Утопия у власти - Некрич Александр. Страница 94
Сталин руководит советской внешней политикой, оставаясь в тени, очень редко давая интервью иностранным журналистам, не встречаясь с иностранными дипломатами. Вкус к таким встречам он приобретет через несколько лет. «Сталин не занимает никаких правительственных постов, — объяснял, посмеиваясь, наркоминдел Литвинов английскому послу, желавшему встретиться с генеральным секретарем, — он встречаться с иностранцами не любит, поручает это мне». Генеральный секретарь делает исключения лишь для первого американского посла Уильяма Буллита и для сменившего его Джозефа Девиса. Сталинские идеи в области внешней политики не были сложными. Советская печать в 1941 году необычайно возмущалась словами сенатора Гарри Трумэна, заявившего, что следует подождать, кто будет побеждать в войне — Германия или Англия с Францией, а потом поддержать победителя. Гарри Трумэн, не подозревая об этом, повторил мысль Сталина, высказанную им еще в 1925 году, но опубликованную впервые в 1947 г.: «... Если война начнется, то нам не придется сидеть сложа руки, — нам придется выступить, но выступить последними. И мы выступим для того, чтобы бросить решающую гирю на чашку весов, гирю, которая могла бы перевесить».
Два важнейших объекта советской внешней политики: Германия и Япония.
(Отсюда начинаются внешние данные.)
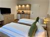 Mit zwei Einzelbetten bzw.Doppelbett getrennt stellbar und einer Pantry-Küche sowie einem Badezimmer mit bodenebener Dusche ist das großzügige Studio ausgestattet.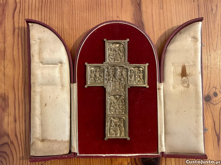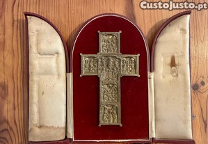 Cruz em bronze Leitão & Irmão. Acompanha respetivo estojo.

В отношениях с Японией Советский Союз стремится с одной стороны разрешить спорные проблемы мирным путем — в 1935 году КВЖД, предмет конфликтов, была продана Манчжоу-го, с другой стороны — втянуть Японию в войну с Китаем. Сталин надеялся, что новый президент США Рузвельт поведет более активную политику против японской агрессии в Китае, но быстро разочаровался.
Отношения с Германией Сталин хотел строить на основах сотрудничества, как это было до прихода Гитлера к власти. Идеологические разногласия не казались ему препятствием. «Если он не принимает всерьез большевизма, — писал Борис Суварин 7 мая 1939, предупреждая, единственный в мировой печати, о возможности соглашения Сталин-Гитлер, — то почему он должен принимать всерьез нацизм или фашизм». Главное сегодня — сила. Германия — самая сильная страна в мире, — говорил в 1936 году Ежов Кривицкому, передавая слова Сталина «мы должны прийти к соглашению с могучей державой, какой является нацистская Германия».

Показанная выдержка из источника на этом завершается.